Bioware has announced it will be releasing a free “Extended Cut” DLC pack for Mass Effect 3 this summer, which it says will provide “additional cinematic sequences and epilogue scenes” to help wrap up the trilogy. The move comes after the disappointment and even anger expressed by many fans at the trilogy’s lack of closure.
Markus “Notch” Persson, creator of Minecraft, has announced that his next game will be titled 0×10C – good luck pronouncing that – and will involve futuristic space travel with a multiplayer element, not dissimilar to EVE Online. Although the game’s website suggests a focus on mining and engineering and the like, each spacecraft will also include an emulated 16-bit computer with which users can program. The game is apparently still “extremely early” in development.
Google has unveiled “Project Glass,” its project to develop augmented reality glasses. Although almost everything is conceptual at the moment, it seems as if Google intends for the glasses to do pretty much everything a smartphone can, and to be controlled by voice.
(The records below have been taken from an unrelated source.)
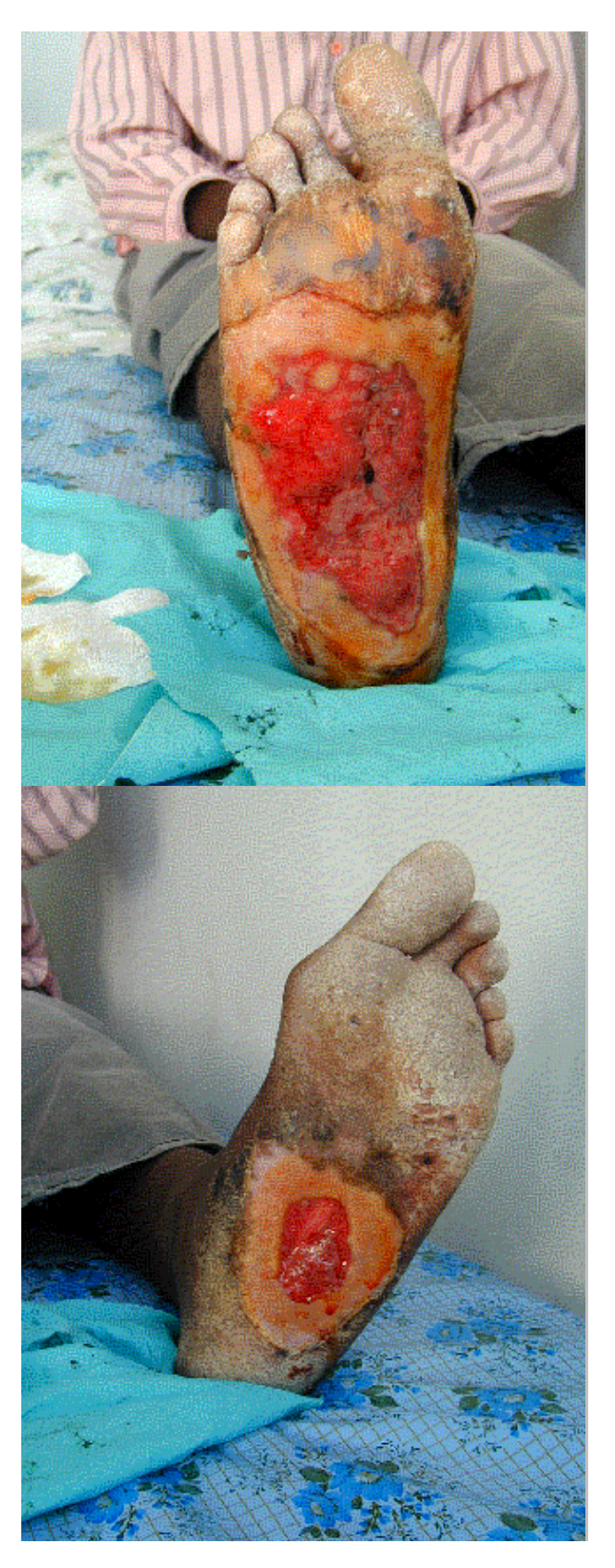
Photographs 1 and 2: deep wounds on soles of feet reportedly caused by torture with burning logs. Findings in complete agreement with this.
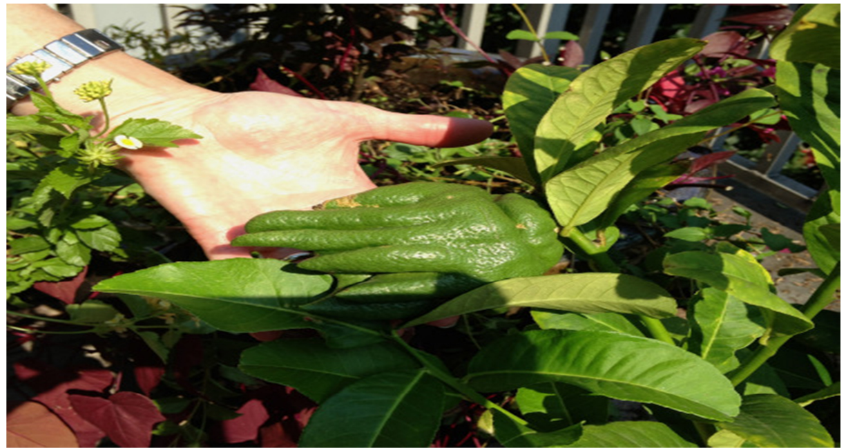
Figure (2) showed the shape Al-Abbas's (AS) Hand fruit (Citrus medica) var. sarcodactylis Swingle.

The data in Table (1) and Figure (3, 4, 5) shows that essential oils of Al-Abbas's (AS) Hand fruit ( Citrus medica ) var. sarcodactylis Swingle fruit peel has effective antibacterial activities on the test isolates as indicated by the diameter of their zone of inhibition. The inhibition zone was 18 mm for Enterobacter cloacae , 15 mm for Escherichia coli and Pseudomonas aeruginosa , 22 mm for Klebsiella pneumoniae , 20 mm for Proteus mirabilis , Bacillus sp. and Streptococcus spp. , 25 mm for Staphylococcus aureus .
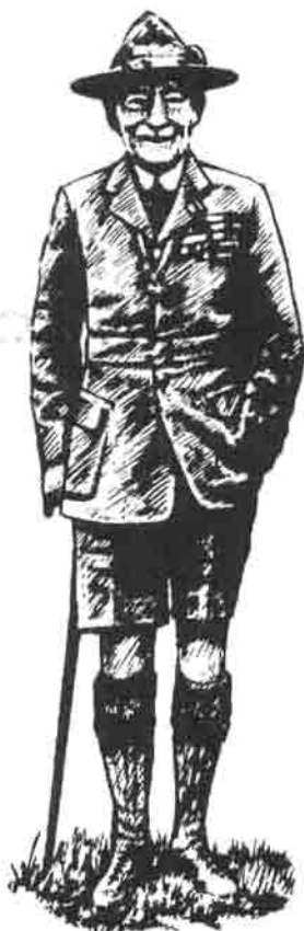
LORD BADEN POWELL

A scout should be ready at all times to solve many kinds of problems . For example, he ought to help people who are sick or hurt when there is no doctor. The scout motto is "Be prepared!"
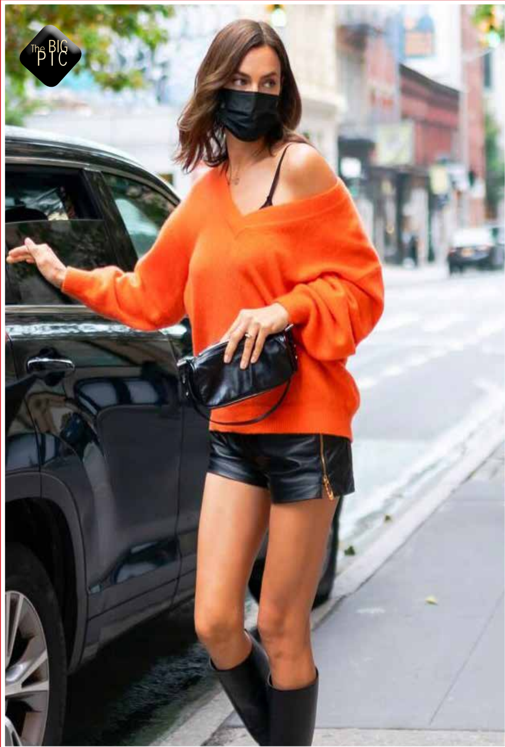
LEATHER GAME! The model, Irina Shayk stuns in an orange sweater and matching leather shorts, purse, and boots while out in NYC.
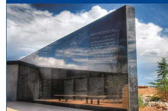
New Mexico Veterans' Memorial
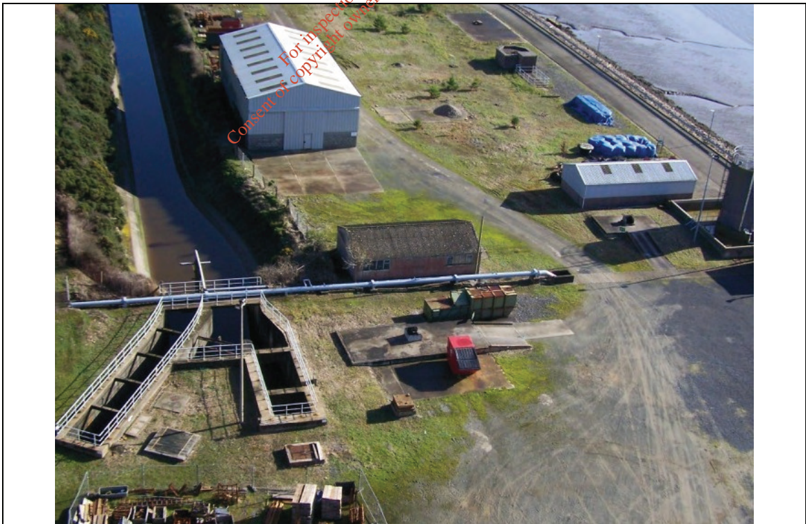
Location No: 1 View southeast from Power Gen building rooftop.
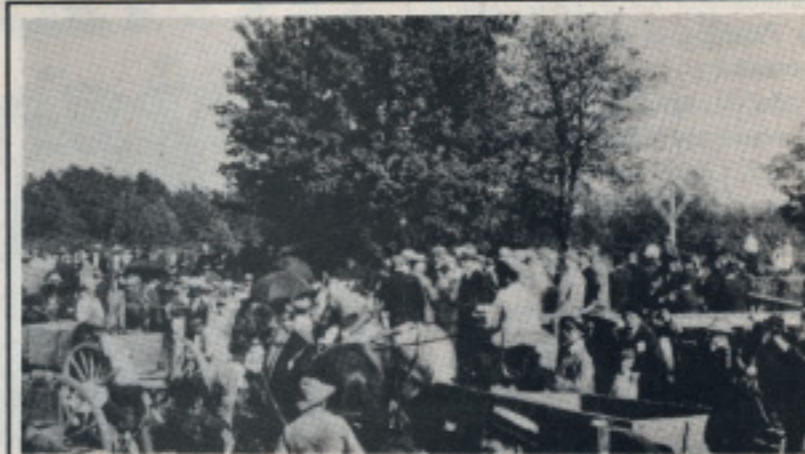
Groundbreaking ceremonies, June 6, 1908 in Bethpage was attended by hundreds of people mostly arriving by horse and carriage.
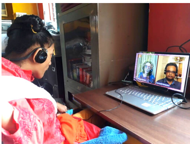
Ganga watched it separately, four more times.

Here is a link to the interview: https://www.youtube.com/watch?v=Dywx_G9lcUs
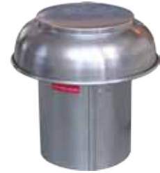
Mini Monica Roof Extract / Supply Unit
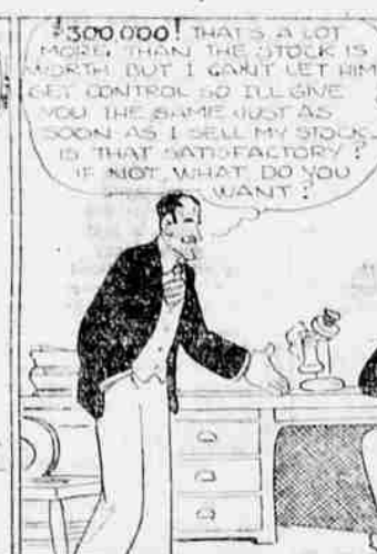
By SOL HESS
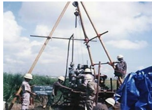
Asia Optical Factory, Mingalardon Industrial Park Project,2002
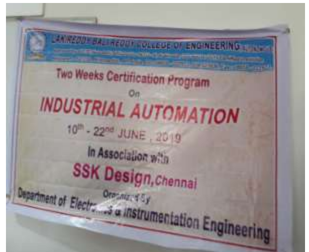
Poster for the Certification Program
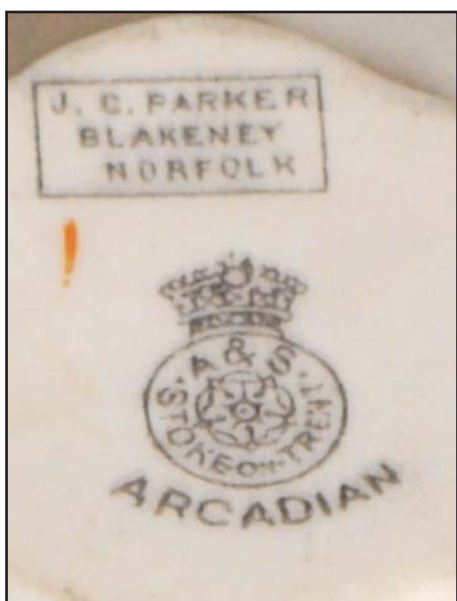
Photo 5: Base markings for Arcadian's Blakeney china sold by J C Parker.
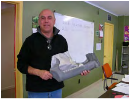
This is a piece of aircraft recovered from the crash site

In the summer of 2008 I went to Newfoundland. During those three weeks holidays, I took time to visit the plane crash site that occurred in Nut Cove at 4 a.m. on March 18, 1953.
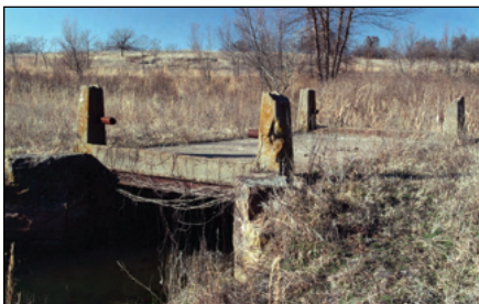
East bridge (1996)

61. Two short bridges on the abandoned segment of the 1926-1928 route west of Bristow. Date Built: circa early-1920s. Type: East: Steel Beam with stone abutments, concrete and pipe guardrails; West = Concrete Culvert with guardrails. Status: Abandoned; on private property. Coordinates: E = 35.813632,-96.452065; W = 35.81472,-96.456639
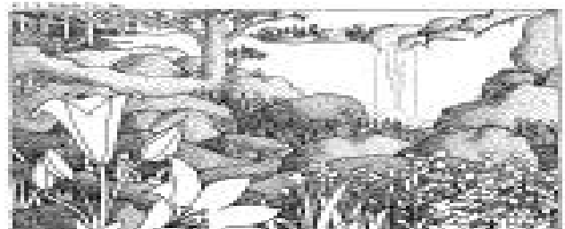
The Kingdom of Heaven is at Hand.
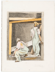
Pablo O’Higgins (Mexican, 1904–1983), Masons , 1942, color lithograph, Museum Purchase, 1948.31
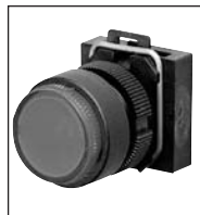
Operator Ø 22
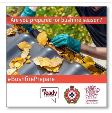
Filename: BushfirePrepare - Are you prepared for bushfire season
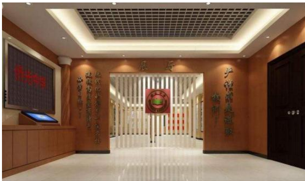
Fig. 7. The interior screen at the entrance.

In addition to keep out the wind, screen also could shield the sight. In ancient times, people placed the screen in the axis of buildings to compensate for leakage in the open space. Afterwards, people often placed the screen in the entrance of interior space with the constant development of economic society, especially for the large space, such as banquets and exhibition rooms, etc., to keep out the wind and shield the sight, as shown in “Fig. 7”.
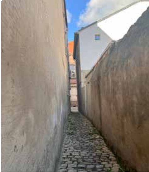
Typical Schloff - Kellereigank

b TIP: You can also reach the next point, Rue de la Sûre , via the low barrier path that runs straight ahead from Wollefstuerm through Rue des Redoutes .
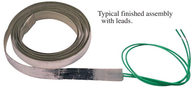
Typical finished assembly with leads.

1 Conductor Tape 1/6" (4.2 mm) wide; can wrap down to .060" (1.52 mm) O.D. A lead will be present at both ends.
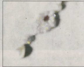
"LE PEREGRINA (Elizabeth Taylor)," a bit of jewelry.
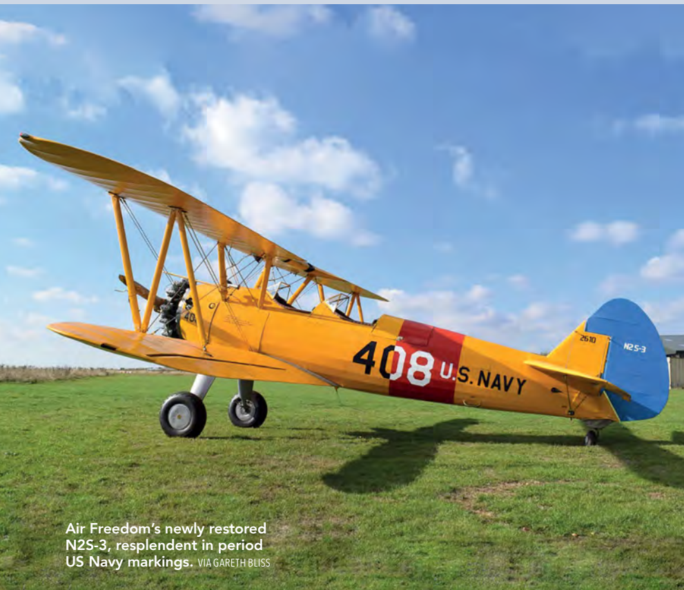
Air Freedom's newly restored N2S-3, resplendent in period US Navy markings.

PRICES, BOOKING AND INFORMATION: Telephone 01622 812830, www.aerolegends.co.uk
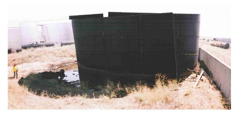
Figure 2. The BNSF black tank around 1999. The tank stored petroleum products until 2006 when it was emptied and removed.

Then, we will use our assessment of the RI/FS and public input to draft a cleanup action plan. The draft plan will be available for public review and comment before becoming final.
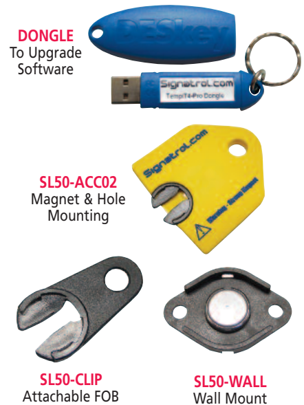
DONGLE To Upgrade Software
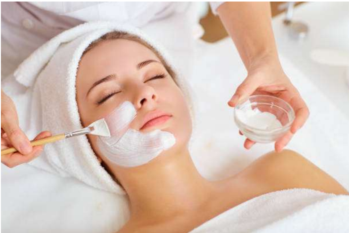
Figure 12. Facial Treatment [177-180]. Facial masks are the most prevalent cosmetic products utilized for skin rejuvenation. Facial masks are divided into four groups: (a) sheet masks; (b) peel-off masks; (c) rinse-off masks; and (d) hydrogels. Each of these has some advantages for specific skin types based on the ingredients used. Peel-off facial masks are known for their unique characteristics inherent to the use of film-forming polymers that, after
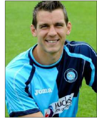
Blooms in the 2009-11 home kit
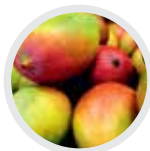
mango / mangifera indica
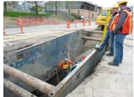
A trench box for sewer line installation
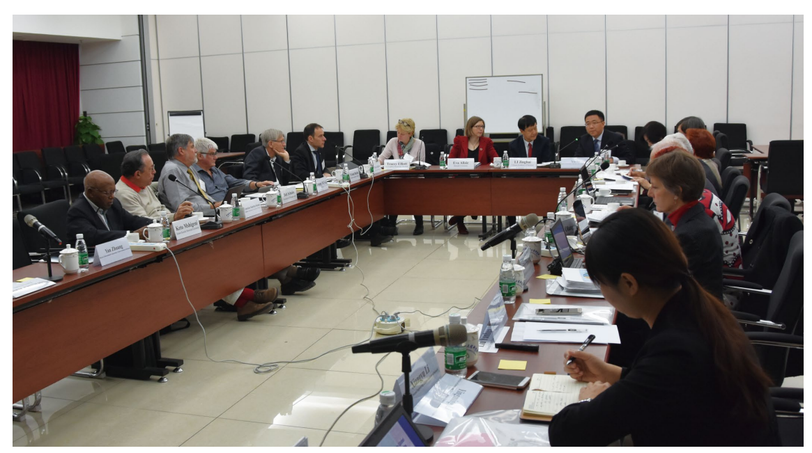
Discussion in progress.

"IAP launched the project to explore how national science academies could play a role in the process of achieving UN SDGs. This is a timely action by the Academies, since science – scientific thinking and

Google co-founder Sergey Brin was spotted wearing a pair at a recent charity event, although he commented that they really only reboot so far; the technology is probably not too close to reality just yet. Google has however released a very cool concept video showing what might be eventually possible with the glasses.
A 50-megapixel imaging system has uncovered what is very likely a new copy of Shakespeare’s signature on a legal document dating back to the reign of Queen Elizabeth I.
YouTube is now converting all the short-form 1080p uploads it receives into 3D, for users who happen to have 3D glasses sitting around and still think it’s a novel idea.